Flavonoids from Symplocos racemosa

Abstract

A novel isoflavone glycoside, peseudobatigenin 7-O-[β-d-apiofuranosyl-(1''''→5''')-O-β-d-apiofuranosyl-(1'''→6'')]-β-d-glucopyranoside, namely sympracemoside (1), was isolated from the aerial parts of Symplocos racemosa along with 15 known flavonoids (2–16). Their structures were characterized by Q-TOF mass, optical rotation, UV, 1D and 2D-NMR spectroscopic data. Compounds 3, 9, 16 showed moderate inhibitory activities against NO production with IC₅₀ value of 88.2, 42.1 and 74.3 μM, respectively.

1. Introduction

Symplocos racemosa Roxb. is a small evergreen tree with a broad crown and stems grows up to 6 m high [1]. It belongs to the Symplocaceae family, which is a unigeneric family composed of only one genus, i.e., Symplocos, and is distributed in tropical and subtropical regions of Asia, America, Australia and Malaysia [2]. In Myanmar, S. racemosa is called Dauk-yut or Mwet-kang, and its bark and stem have been used by local traditional practitioners to treat cough and fever. It is also well known as Lodhra in Ayurvedic remedies in India, and the astringent bark of this plant has been applied for the treatment of uterine disorders, diarrhea, dysentery, eye disease and menorrhagia as a single drug or an ingredient of multi-component preparations [3]. The phytochemical investigations of S. racemosa have mainly focused on the stems and barks, because these parts have long been used for medicinal purposes so far. The Pakistan research group exclusively reported phenolic glycosides and their biological activities from the bark of S. racemosa including salirepin, symplocuronic acid, sympocemoside [4], benzoyl salireposide, salireposide, four triterpenes, which featured phosphodiesterase inhibitory activity [5], symcomoside A and B, tortoside C, which showed α-glucosidase inhibitory acitivity, 1-ethyl brachiose-3'-acetate, nonaeicosanol and three fatty acid derivatives featuring lipoxygenase inhibitory acitivity [6], locoracemoside A, B, C describing α-chymotrypsin inhibitory activity [7]. Although phenolic glycosides and their biological activities have been well-reported so far, further phytochemical investigation of other constituents from S. racemomsa is required. The present study describes the isolation of 16 flavonoid derivatives, including a new compound, peseudobatigenin 7-O-[β-d-apiofuranosyl-(1''''→5''')-β-d-apiofuranosyl-(1'''→6'')]-β-d-glucopyranoside, namely sympracemoside (Figure 1), as well as their inhibitory activities against NO production.

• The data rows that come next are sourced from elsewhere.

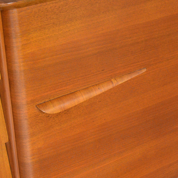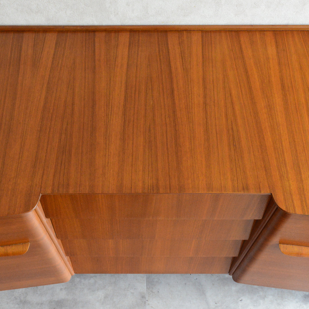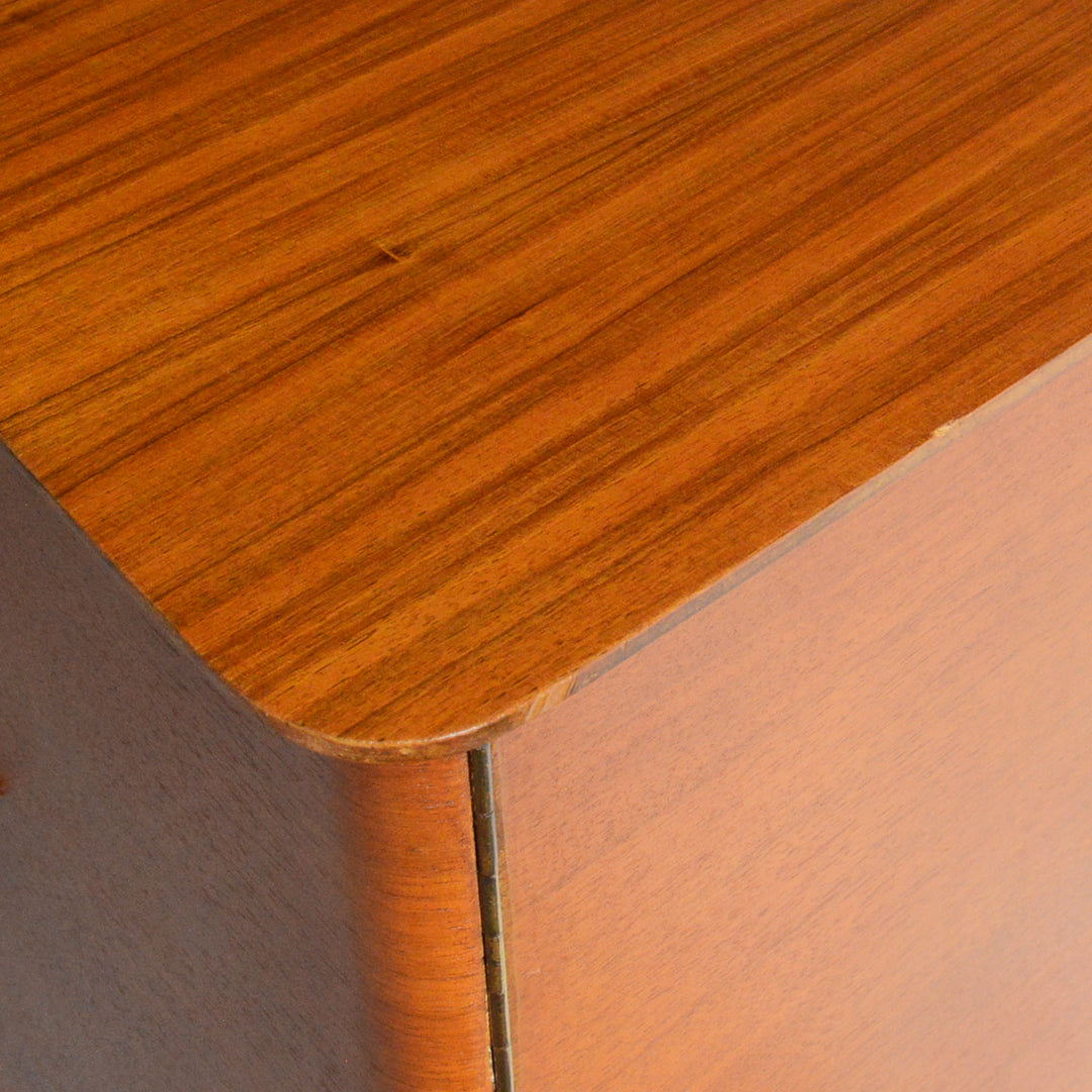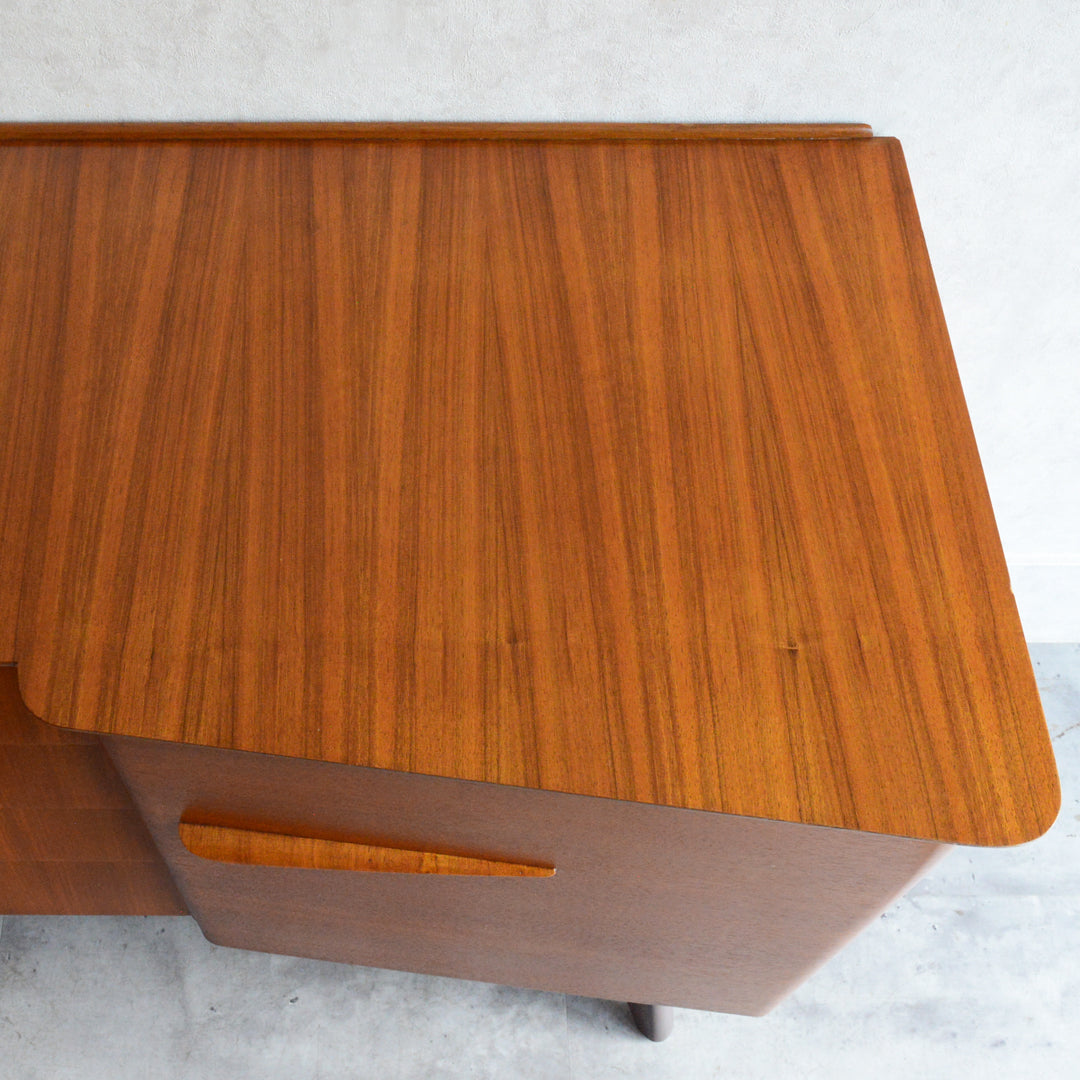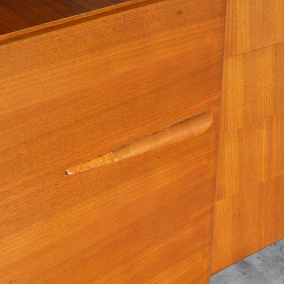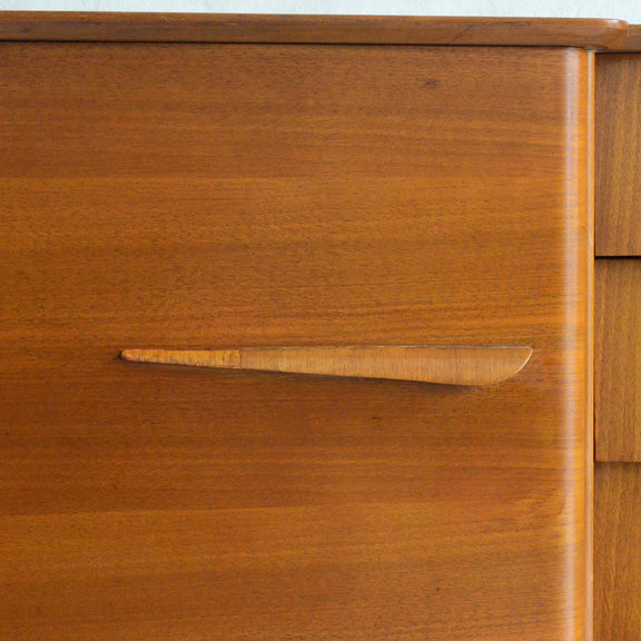 中央抽斗のスタイリッシュなデザインと扉の把手の曲線が印象的なサイドボード。
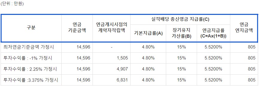 최저연금기준금액 : 약 1억 4,600만원 (원금대비 약 200%)
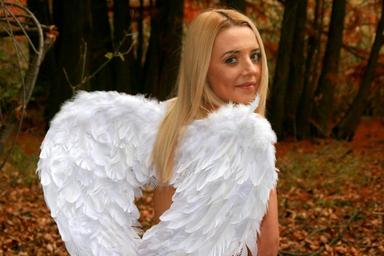 Keywords: girl angel autumn wings leaves red white blonde beauty paradise forest tree
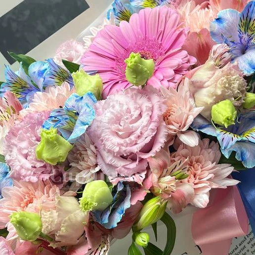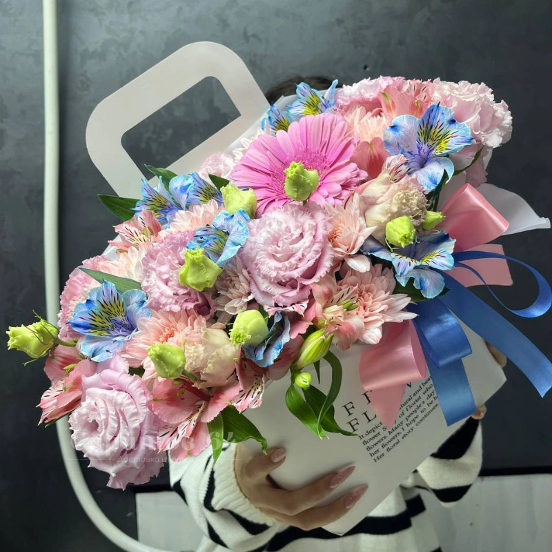 Нежный букет в элегантной коробке, украшенный атласными лентами розового и голубого оттенков. Сочетание гвоздик, гербер и альстремерий создает воздушную композицию, наполненную свежестью и теплотой.
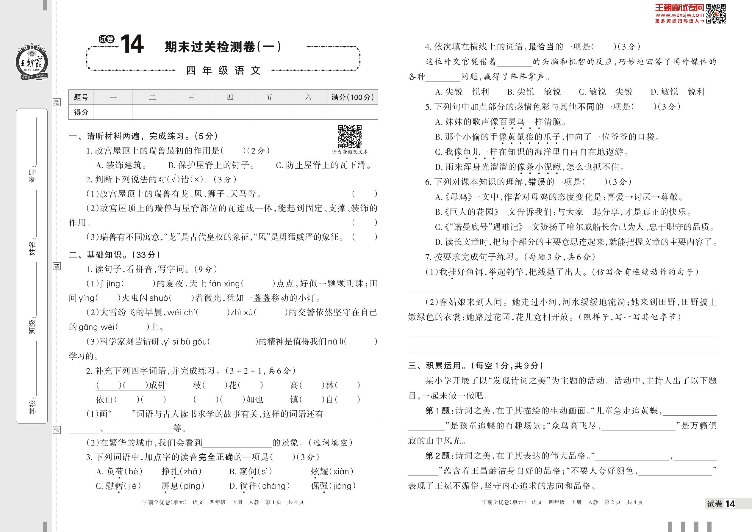 2023下册四年级语文人教版 试卷14 期末过关检测卷(一)
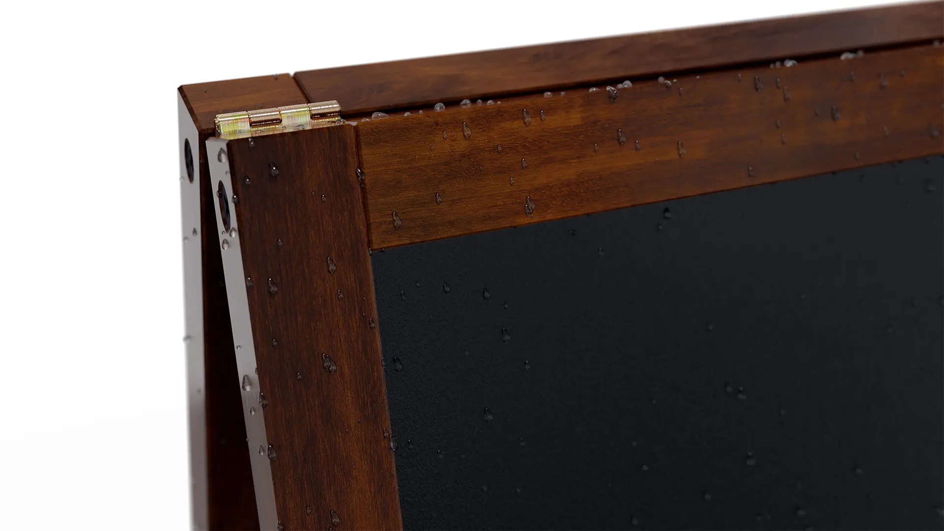 Le cœur du chevalet est une plaque ABS noire. Elle est fabriquée en plastique, ce qui la rend totalement résistante aux conditions météorologiques et aux dommages éventuels. Vous ne devez pas avoir peur de la pluie - votre chevalet stop trottoir peut fonctionner en permanence !
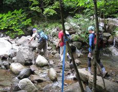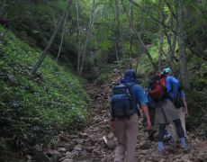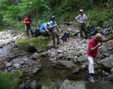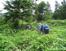 ●夏季研修協議会の2日目は、群馬・栃木県境の皇海山を目指すこととなった。宿泊地の「星の降る森」オートキャンプ場を後にし、国道120号等を経て沼田市利根町追貝方面へと向かい栗原川林道に入る。
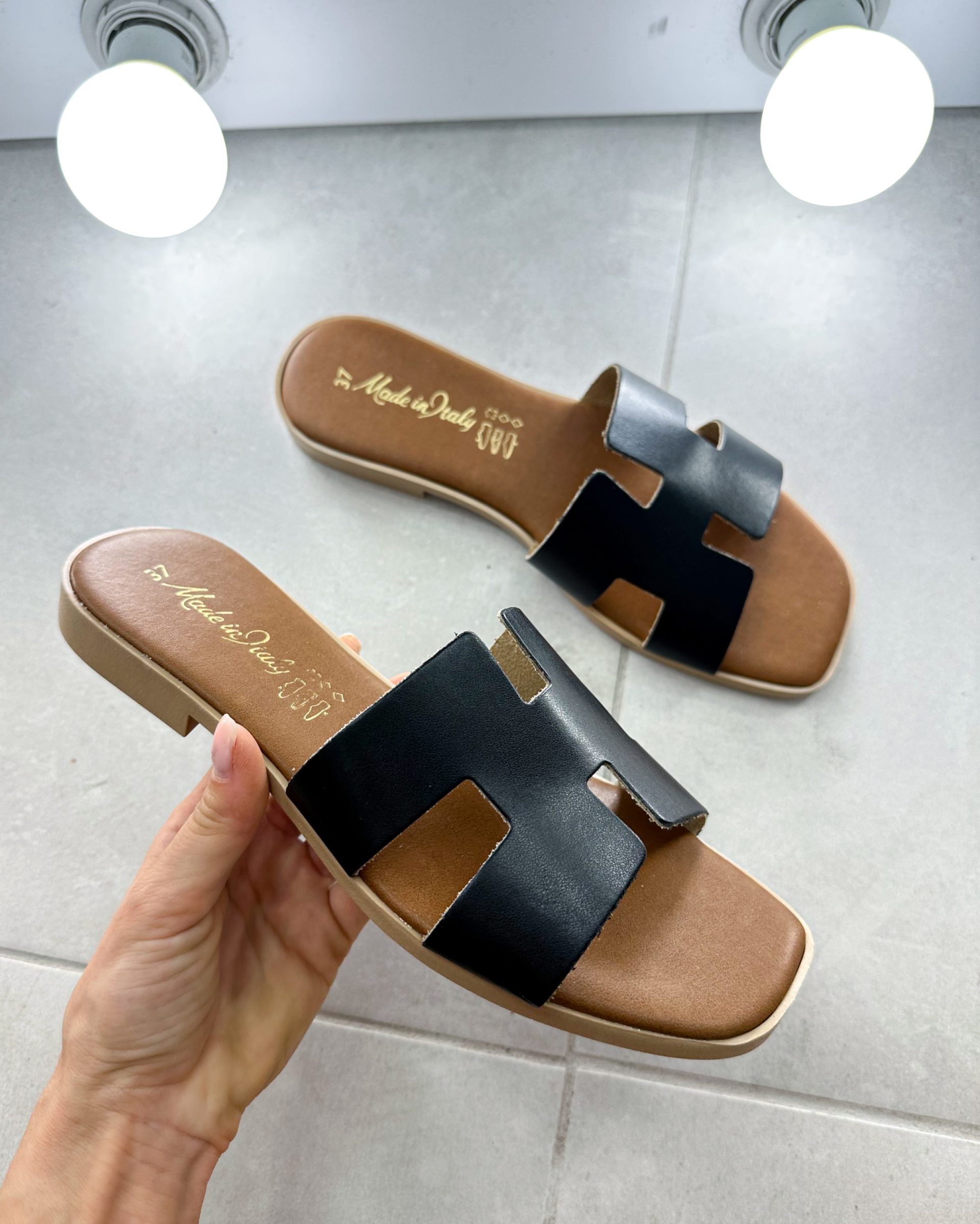 Vasaras apavi ar mīkstu iekšpēdiņu. Iekšpēdiņa ir brūnā krāsa, augšdaļa ir no melnas krāsas ādas materiāla. Apvi ir uz mazu paēdīti.
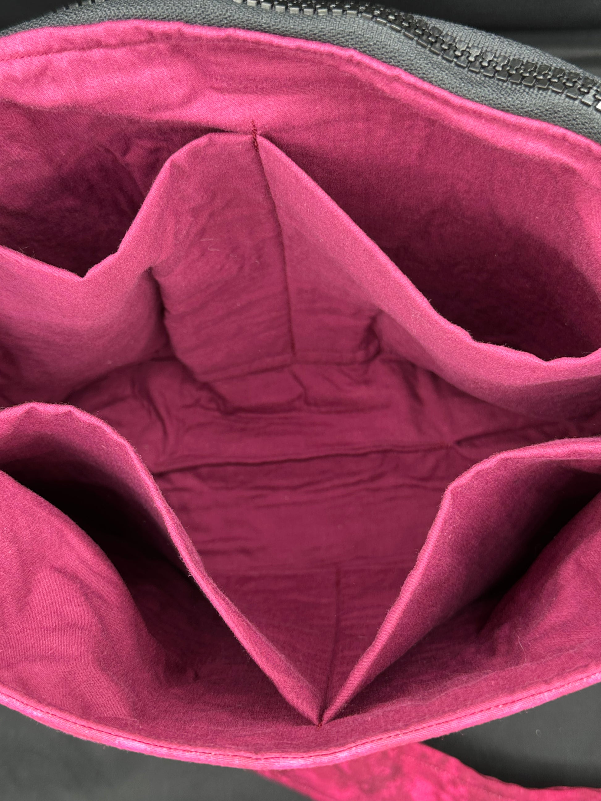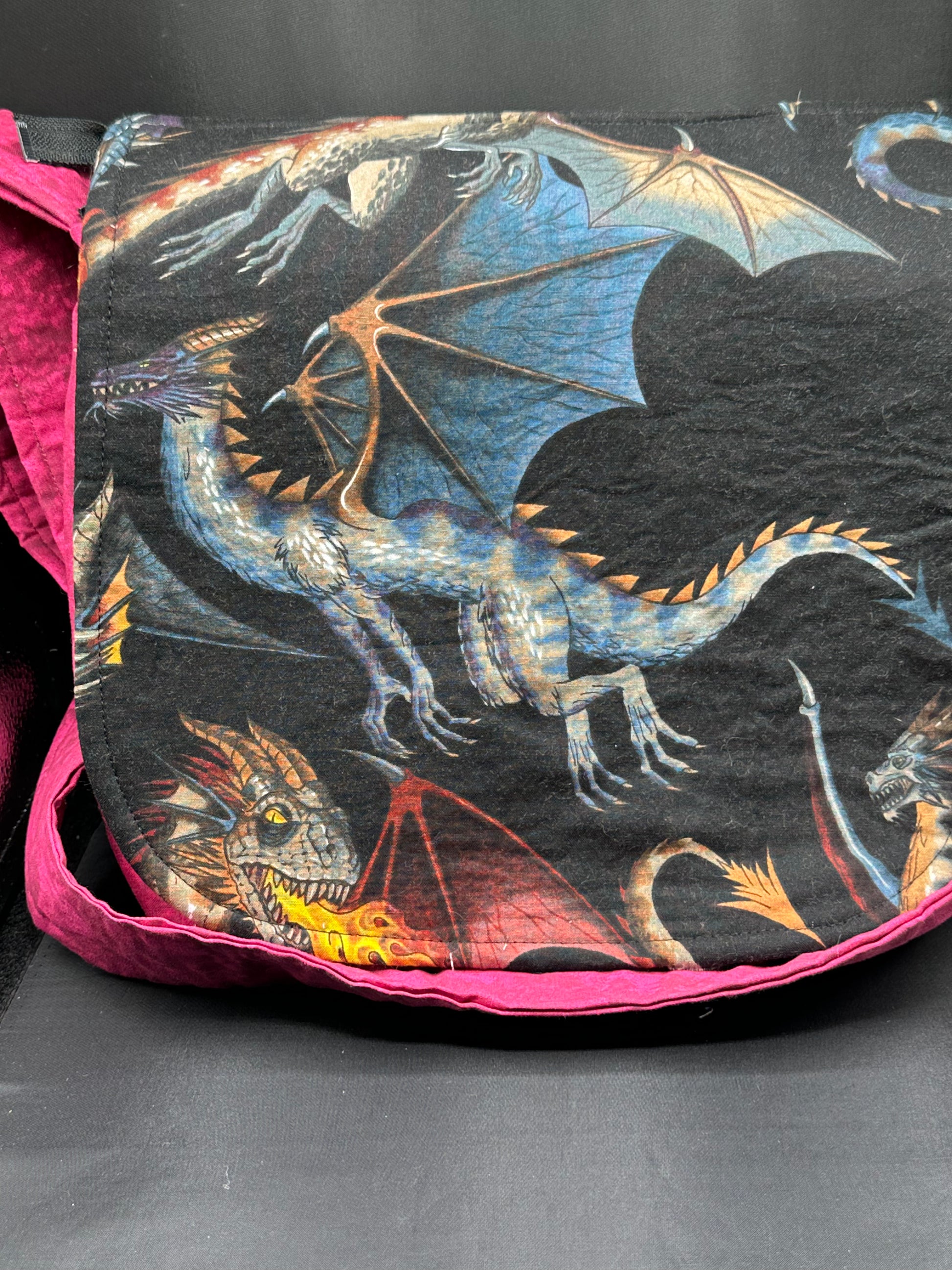 Bags finished size are approximately 13 inches wide by 10 inches. All bags have a main pocket and 4 interior pockets with an outside pocket that has the magnetic snap. All bags have zippers to allow the flap to detach and be replaced with another flap while not changing the main body of the purse.
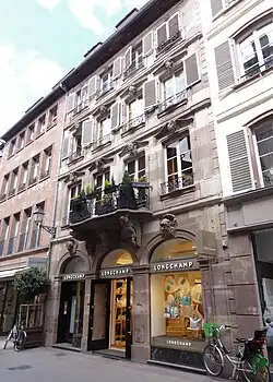 À l'angle avec le no22 de la place Broglie d'une part et le no2 de la rue Brûlée d'autre part, ce grand immeuble éclectique destiné au Crédit foncier d'Alsace et de Lorraine est construit par Édouard Roederer à partir de 1873[5]. Sur cet emplacement, à l'origine, on trouve d'abord le Poêle (siège de la corporation) des Maçons, auquel succède au début du XVIesiècle celui des Tailleurs. En 1853 ces maisons sont remplacées à leur tour par un immeuble construit par un certain Scheidecker, ce qui lui vaut quelquefois le nom de «maison Scheidecker.»
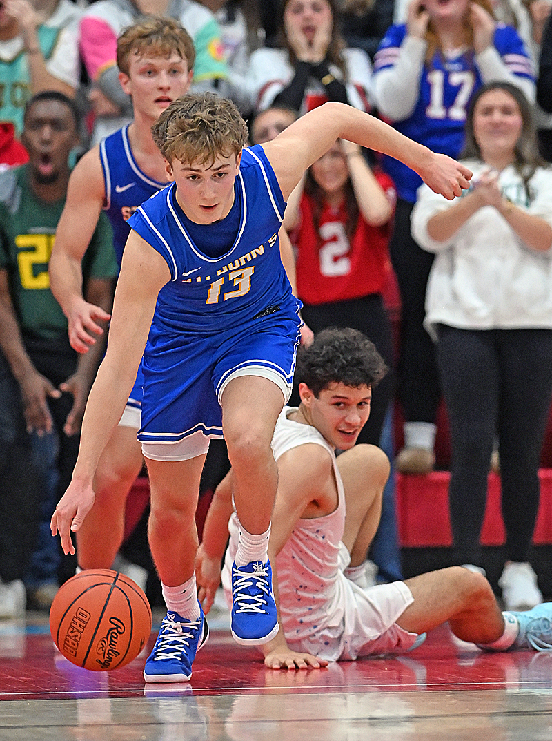 Sunday afternoon at Lima Central Catholic in a near sellout of Monsignor Edward C. Herr Gymnasium, in a traditional and passionate nonconference rivalry, those aforementioned, often-overlooked substances of winning allowed St. John’s to steal a thrilling 66-62 overtime victory from the Division VI Thunderbirds.
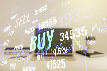 Multi exposure of abstract financial graph on laptop background, financial and trading concept

Figure 1. Chemical structures of compounds 1–16 from Symplocos racemosa.

Figure 1. Chemical structures of compounds 1–16 from Symplocos racemosa.

2. Results and Discussion

2.1. Structural Elucidation of Isolated Compounds

Main text paragraph Compound 1 was isolated as a pale yellow amorphous powder, and Q-TOF MS revealed its molecular formula to be C₃₂H₃₆O₁₈ from the pseudo-molecular ion peak at m/z 731.1801 (C₃₂H₃₆O₁₈Na [M+Na]⁺). Figure 2A shows the MS/MS of 1 revealing [M+Na-Api]⁺ (m/z 599.1356) and [M+Na-2Api-Glc]⁺ (m/z 305.0477). The ¹H-NMR spectrum of 1 showed a characteristic signal for the H-2 of isoflavone skeleton at δ 8.28 (1H, s, H-2), two sets of 1,3,4-trisubstituted aromatic rings at δ 8.16 (1H, d, J = 8.9 Hz, H-5), 7.28 (1H, d, J = 2.3 Hz, H-8), 7.23 (1H, dd, J = 8.9, 2.3 Hz, H-6), 7.09 (1H, d, J = 1.6 Hz, H-2'), 7.02 (1H, dd, J = 8.0, 1.6 Hz, H-6'), and 6.89 (1H, d, J = 8.0 Hz, H-5'), and the methylenedioxy group at δ 5.99 (2H, s). The methylenedioxy group (2H, δ_H 5.99) showed HMBC cross peaks at δ 149.2 (C-3') and 149.3 (C-4'), demonstrating the presence of 3',4'-methylenedioxy moiety. From a comparison of the ¹H and ¹³C- NMR data for 1 with literature values, 1 was determined to be a pseudobaptigenin (7-hydroxy-3',4'-methylenedioxy- isoflavone) derivative [8]. Three anomeric protons arising from sugar moieties were detected in the ¹H, ¹³C-NMR, and heteronuclear single quantum coherence (HSQC) at δ_H 5.07 (1H, d, J = 7.3 Hz)/δ_C 102.0 and δ_H 4.97 (2H, d, J = 2.6 Hz)/δ_C 111.0 (C×2) along with 13 oxygenated carbon signals, suggesting that 1 possessed one hexose and two pentose moieties. The ¹³C-NMR signals of the sugar moieties were in good agreement with previously published literature values for one glucopyranose and two apiofuranose groups [9]. The β-configuration of the glucopyranosyl and two apiopyranosyl moieties was assigned from the coupling constant of each anomeric proton in the ¹H-NMR spectrum. The following inter-glycosidic linkages were established by exhaustive heteronuclear multiple bond correlation (HMBC) experiments (Figure 2B); H-1'''' of terminal Api (δ_H 4.97) to C-5''' of the middle Api (δ_C 71.8), H-1''' of the middle Api (δ_H 4.97) to C-6'' of Glc (δ_C 69.1) and H-1'' of Glc (δ_H 5.07) to C-7 of the pseudobaptigenin (δ_C 163.7). Therefore, the structure of 1 was determined to be peseudobatigenin 7-O-[β-d-apiofuranosyl-(1''''→5''')-β-d-apiofuranosyl-(1'''→6'')]-β-d-glucopyrano- side, namely sympracemoside.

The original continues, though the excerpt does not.